Methods: This systematic review aims to clarify the clinical manifestations, therapeutic interventions, and outcomes of tislelizumab-related SJS/TEN in Chinese patients. Published case reports of SJS/TEN induced by tislelizumab were systematically collected (up to 10 May 2025). A total of 21 articles and 22 patients were included.
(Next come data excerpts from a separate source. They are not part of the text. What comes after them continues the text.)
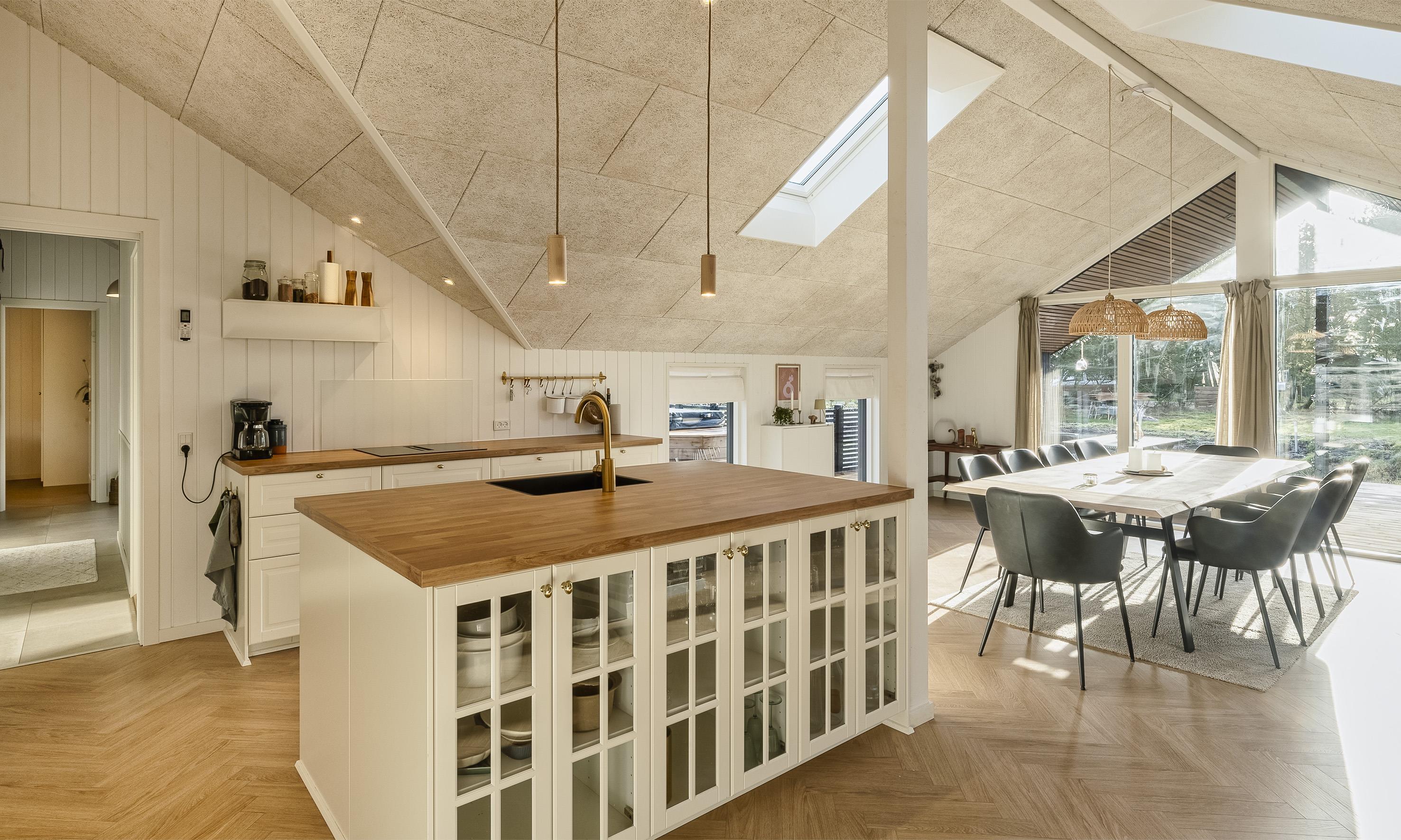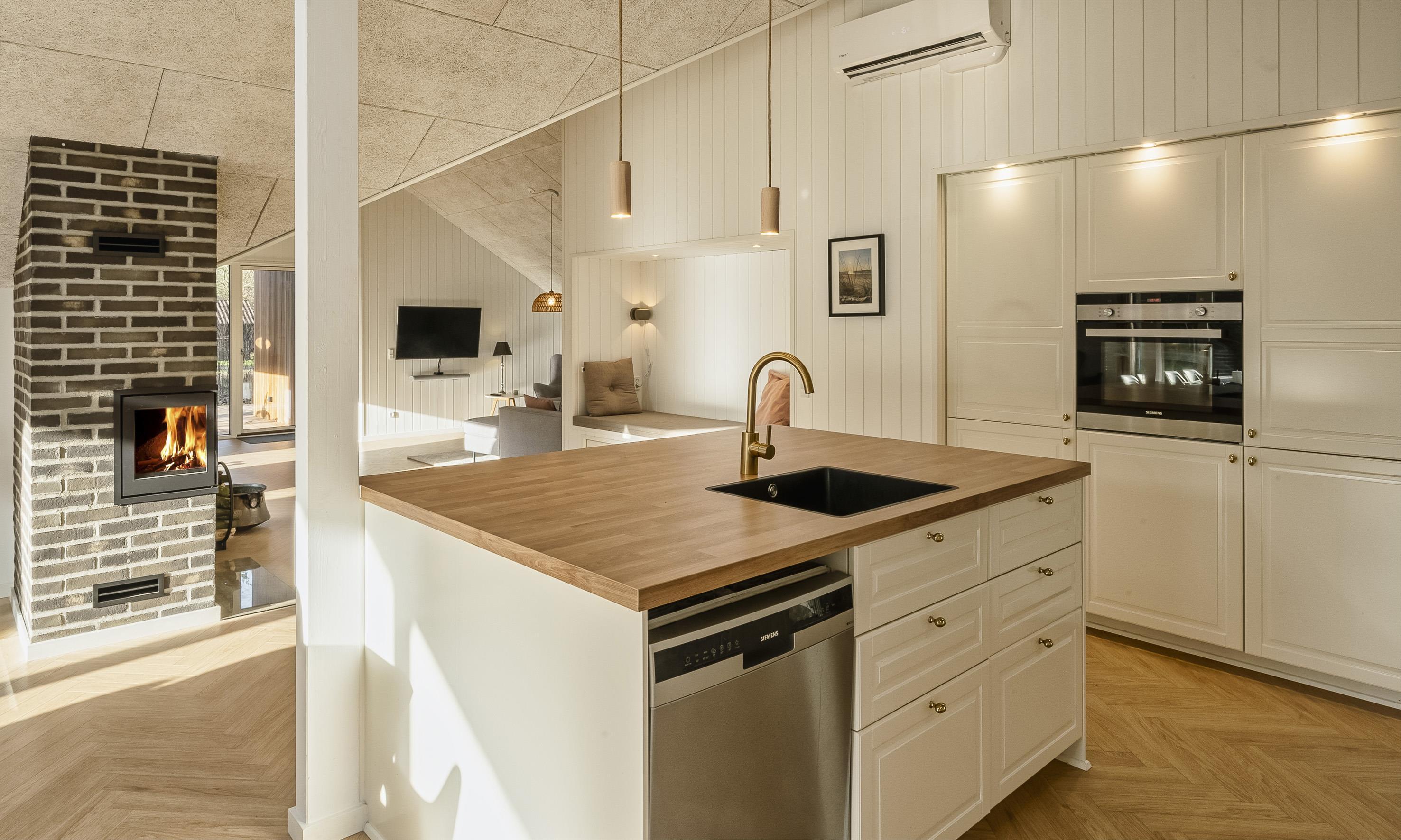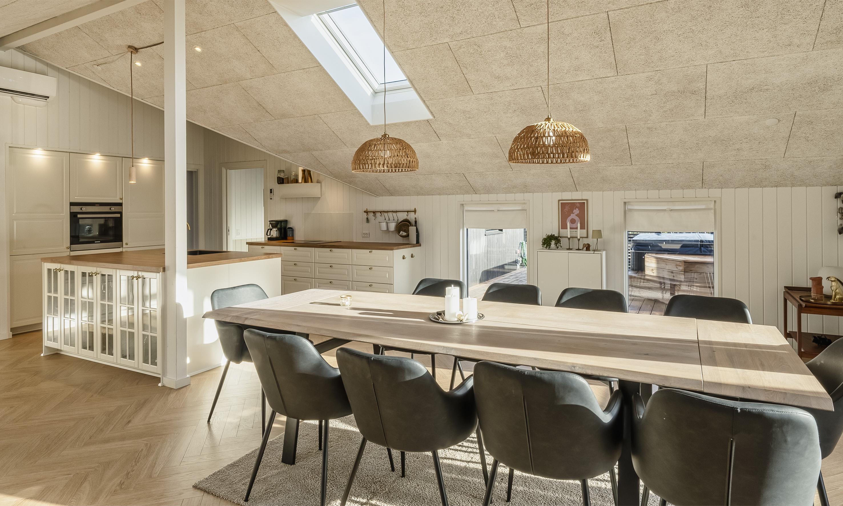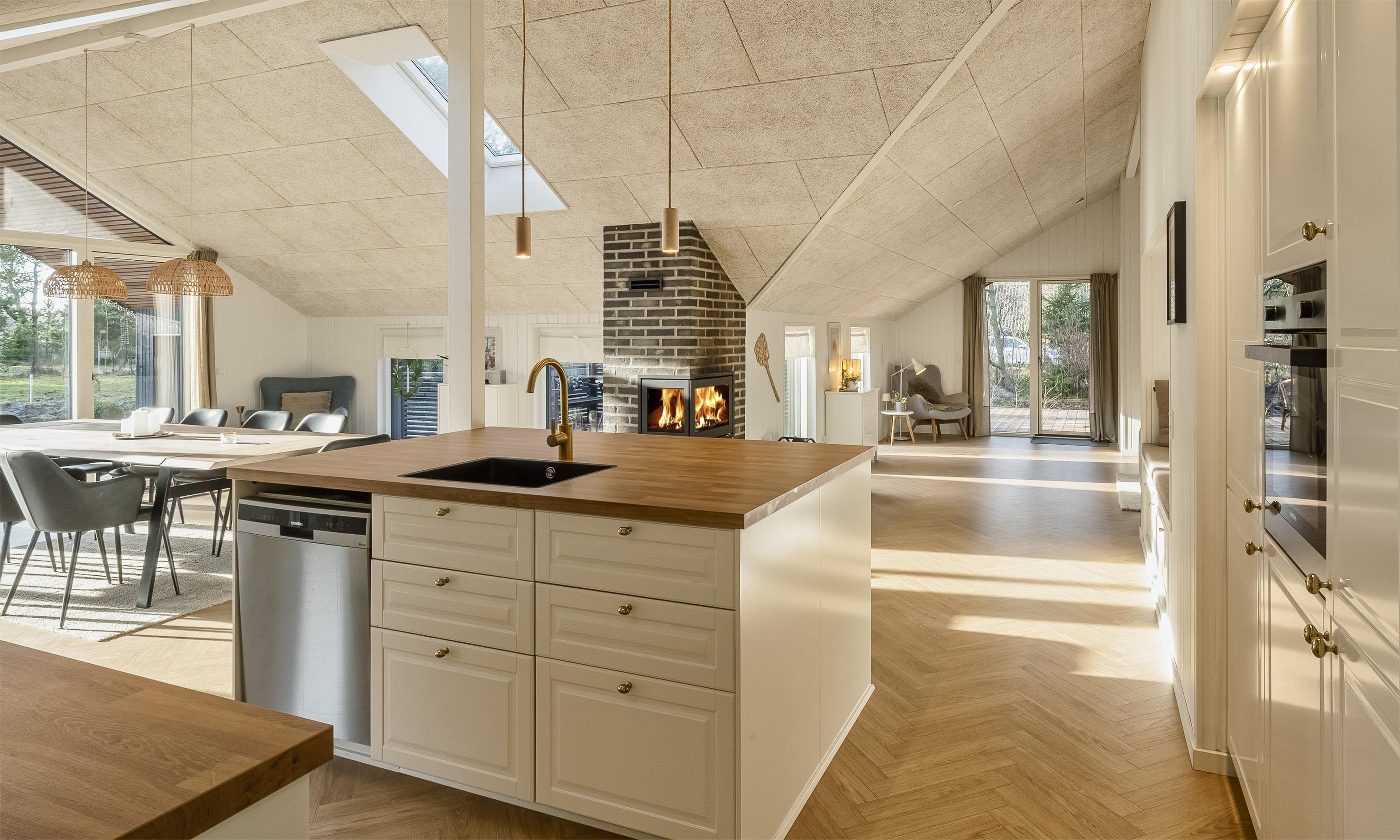 Det lyse og moderne køkken indbyder til fælles hygge madlavning. Køkkenet og spiseplads er i åben forbindelse med den hyggelige stue, hvor brændeovnen skaber en varm og afslappet atmosfære.
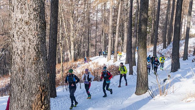 È la mia seconda Snow Run da queste parti. La prima tre anni fa e mooolto diversa, nel suo svolgimento e nel contesto: terreno di gara all'epoca completamente asciutto e… lockdown in agguato. Avrei riattaccato il pettorale solo quasi sette mesi dopo, alla Valzurio Trail di fine estate. Nelle fasi preparatorie della gara sono raggiunto da Vittorio e Gloria, miei compagni di squadra nelle fila della Sportiva Lanzada. Mi fanno presente che alla loro partenza dalla Valtellina le temperature erano addirittura siberiane. La cosa non mi conforta: ho freddo a prescindere e conto - alla rovescia - i minuti che ci separano dal via. Anzi in questo caso dalla partenza controllata: una sorta di chilometro zero, come quello che nelle gare di ciclismo porta il gruppo in una sorta di neutralizzazione fuori dalle città, prima… dell’accensione delle polveri. Così è stato deciso: tutti in convoglio per il primo chilometro (che poi percorreremo in senso inverso nel finale), in modo da lasciare la strada carrozzabile e fermarci all’altezza del gonfiabile della partenza vera, all’ingresso del Parco Valentino per montare i ramponcini che “a tutta” sull’asfalto avremmo forse disintegrato.
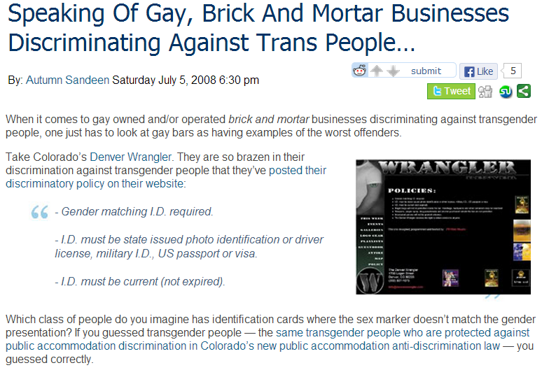 This was not the first time the Wrangler has been called out on transphobia. Autumn Sandeen posted about this bar while while trying to find a trans friendly watering hole for a upcoming visit to Denver on Pams House Blend in 2008.
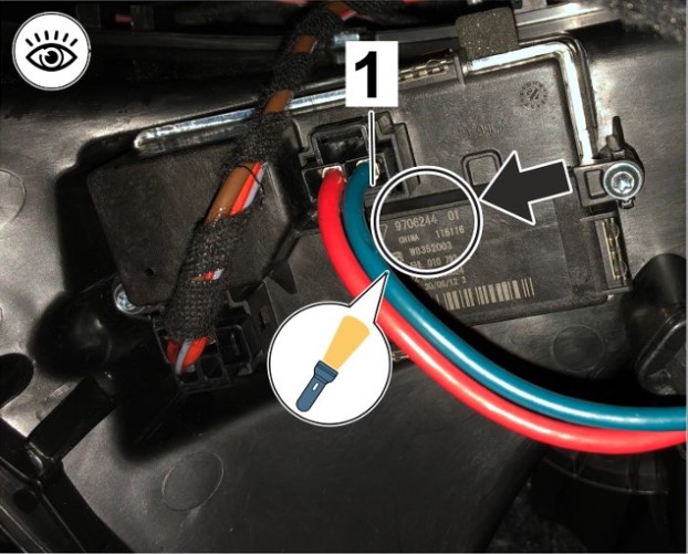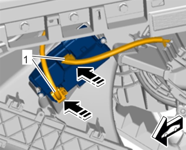 2.4.1 Разблокировать и отсоединить электрические штекерные соединения -1- на регуляторе вентилятора -стрелка-.
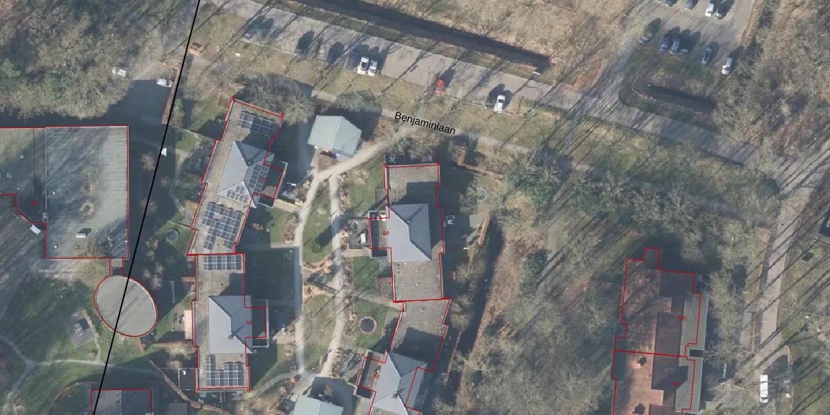 Het perceel waarop Benjaminlaan 64 staat heeft een oppervlakte van 27,9 ha. Dit is een zeer groot perceel. De perceeloppervlakte wordt geregistreerd door het Kadaster. Gedetailleerde informatie over de maten van dit perceel kunt u vinden in het rapport Kadastrale kaart met maatvoering van Benjaminlaan 64.
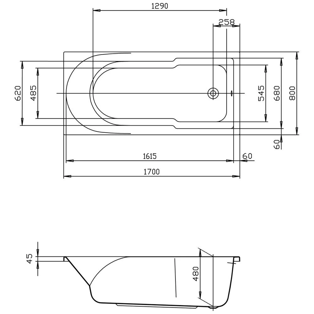 Hoesch Spectra Rechteck-Badewanne 170 x 80 cm mit Duschzone
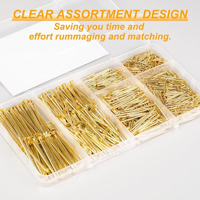 - EXCELLENT DESIGN - The gold nails assortment kit comes with a transparent box in which different sizes of picture nails are neatly organized in each small compartment, allowing you to immediately locate the size you need at a glance while working and saving you a great deal of time rummaging.
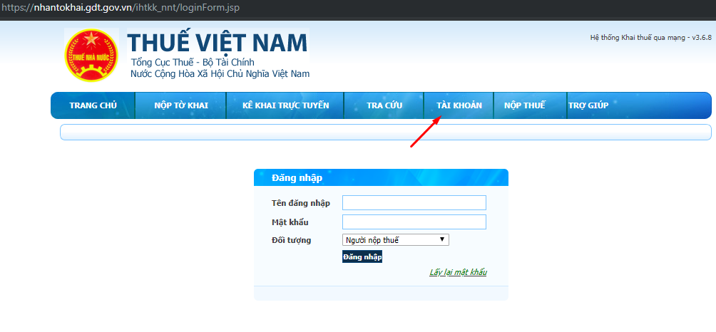 Bước 1: Đăng nhập vào website https://nhantokhai.gdt.gov.vn và kích vào mục Tài khoản, sau đó Đăng nhập. Nếu chưa đăng ký thì nhấn “Đăng ký thêm tờ khai”;
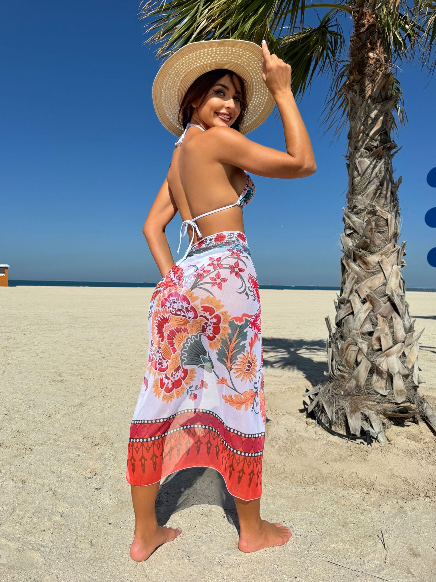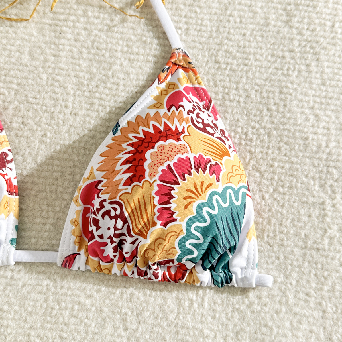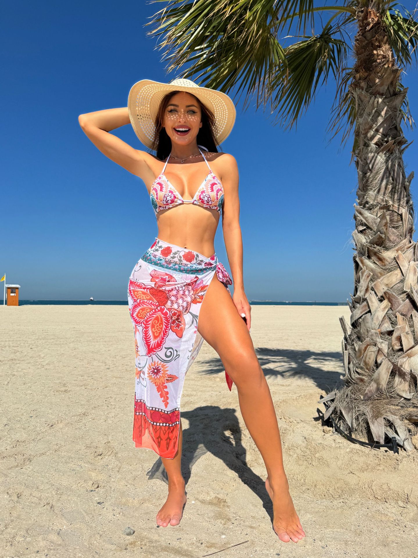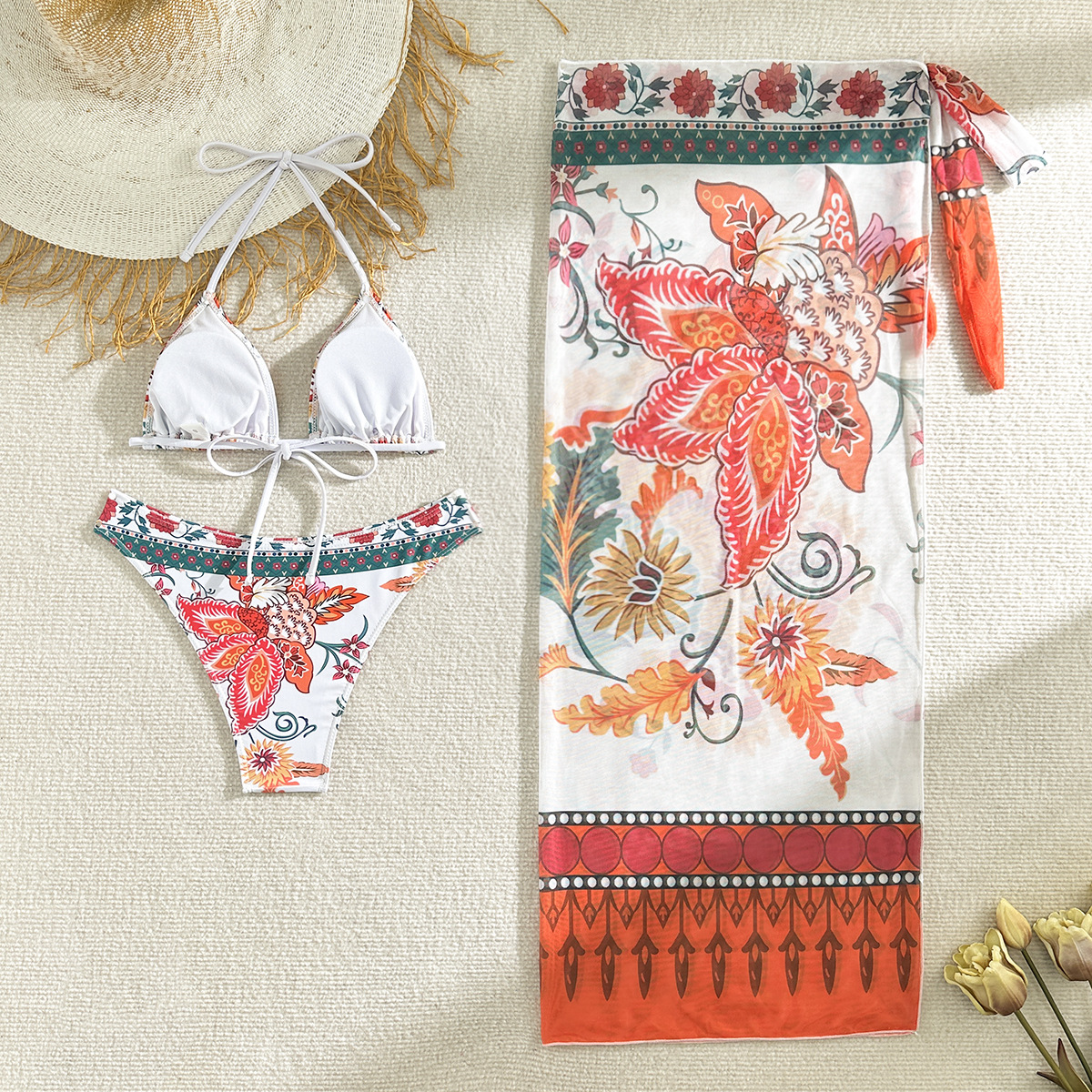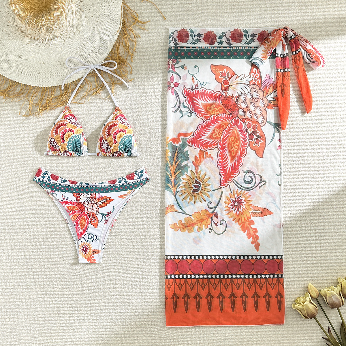 Three Piece Set Floral Printing Customized Mesh Three Piece Set Swimwear Swimsuit Bikini Bikini

Results: A total of 22 patients were included, consisting of 14 males and 8 females, aged 42-81 years, with a median age of 71 years and a mean age of 68.59 ± 9.10 years. Lung cancer was the most common primary disease, affecting 12 patients (54.55%). 7 patients were treated with tislelizumab alone, while 15 underwent combination therapy (chemotherapy, radiotherapy, or targeted therapy). The time from treatment initiation to SJS/TEN onset ranged from 12 to 138 days. 20 patients experienced pain to varying degrees, with early symptoms primarily manifesting as erythema and rash. Mucocutaneous involvement was observed in 12 patients, and fever occurred in 11 patients. After drug discontinuation and symptomatic supportive care, the symptoms of 20 patients improved. Two patients died - one of septic shock and another of acute coronary syndrome.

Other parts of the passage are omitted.